3.7 Central banks oversee developments in their domestic interbank markets and in the payment and settlement systems that support these markets. In their capacities as the ultimate providers of interbank settlements and as lenders of last resort, central banks have a special interest in the credit and liquidity management practices of banks, as well as the settlement arrangements that link their credit and liquidity exposures within the domestic banking system, in order to assess banks' abilities to withstand adverse developments without the need for recourse to extraordinary central bank support. This "oversight" of the domestic payment system serves to co-ordinate the various functions of the central bank and may also involve a co-ordination of the responsibilities of the monetary and supervisory authorities.

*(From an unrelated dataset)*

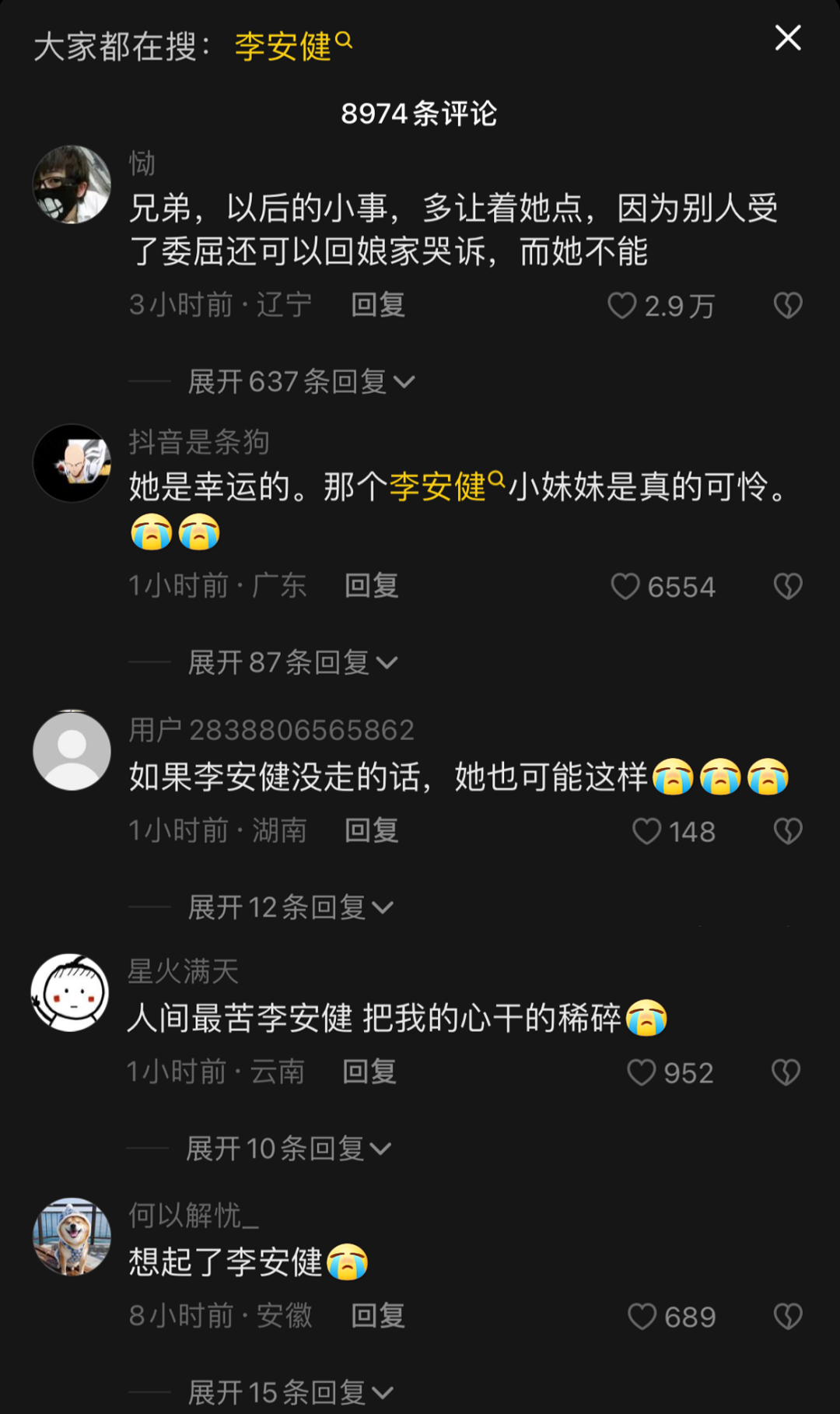 但是,除了关心和祝福外,更多人提到了一个叫“李安健”的女孩儿:

3.8 The development of cross-border and multi-currency systems demonstrates the need for a similar oversight function to be performed with respect to these systems which directly link the credit and liquidity exposures of banks in different countries. "International" financial trading activities traditionally have been settled through the correspondent services of "domestic" clearing and settlement systems. Although interbank payments in a given currency are still ultimately settled through accounts with the central bank of issue, the private sector is now developing truly trans-national interbank settlement systems which separate the netting or clearing process among a group of banks in one financial centre from the final settlement of their positions in another. Cross-border and multi-currency netting systems are examples of the se developments that are of special concern to central banks because of their potential influence on the overall credit structure of financial markets and, particularly, of the foreign exchange and interbank funds markets.

3.9 The Committee recommends that central banks respond to this situation by agreeing to act in accordance with the principles set forth in Part D of this Report. In summary, these principles provide that:

  • Netting systems should be subject to oversight by an authority that accepts primary responsibility to do so;

  • There should be a presumption that the "host-country" central bank (in whose market the system is located or operating) will undertake this responsibility but that, in certain cases, it could be mutually agreed that another authority would undertake the primary responsibility;

  • The responsible authority should review the design and operation of the system as a whole and consult with other central banks and supervisory authorities that may have an interest in the system's prudent operation;

  • Determination of the adequacy of the settlement arrangements should be the joint responsibility of the central bank of issue and the authority with primary responsibility; and that

  • In the absence of confidence in the soundness of the design or management of a cross-border or multi-currency netting or settlement system, a central bank should discourage use of the system by institutions subject to its authority.

3.10 These principles apply to any netting or clearing system for payments or currency obligations that is located outside the country of issue of the relevant currency or currencies and are designed to serve at least three objectives. Firstly, their application should ensure that cross-border systems are subject to review "as systems" by a single authority with responsibility to consider the system's impact in different countries. Secondly, they should provide a co-operative approach to ensure that the interests of different central banks and supervisory authorities are reflected in the oversight of any one system. Thirdly, co-operation between central banks should, in particular, help to preserve the discretion of individual central banks with respect to interbank settlements in their domestic currency.